— Exercise goal —
Reproduce exactly the lines from the one containing "- Systemunterbau, B2500 x T650 x H800 mm." through the last line of the data, both ends included.

— Records supplied —

------------------------------------------------------------

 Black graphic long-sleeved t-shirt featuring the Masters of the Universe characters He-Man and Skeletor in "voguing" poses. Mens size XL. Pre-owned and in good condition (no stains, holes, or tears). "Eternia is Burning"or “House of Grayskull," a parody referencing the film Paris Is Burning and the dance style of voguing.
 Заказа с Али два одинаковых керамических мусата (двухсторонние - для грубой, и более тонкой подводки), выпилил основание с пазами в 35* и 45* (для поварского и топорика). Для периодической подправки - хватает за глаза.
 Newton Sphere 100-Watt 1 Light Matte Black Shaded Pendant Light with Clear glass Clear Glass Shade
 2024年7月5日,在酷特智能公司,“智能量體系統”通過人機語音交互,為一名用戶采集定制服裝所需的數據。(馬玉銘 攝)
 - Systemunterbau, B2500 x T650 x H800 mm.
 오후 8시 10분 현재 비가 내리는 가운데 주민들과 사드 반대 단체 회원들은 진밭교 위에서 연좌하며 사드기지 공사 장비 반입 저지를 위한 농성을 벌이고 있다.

------------------------------------------------------------

— Task response —
 - Systemunterbau, B2500 x T650 x H800 mm.
 오후 8시 10분 현재 비가 내리는 가운데 주민들과 사드 반대 단체 회원들은 진밭교 위에서 연좌하며 사드기지 공사 장비 반입 저지를 위한 농성을 벌이고 있다.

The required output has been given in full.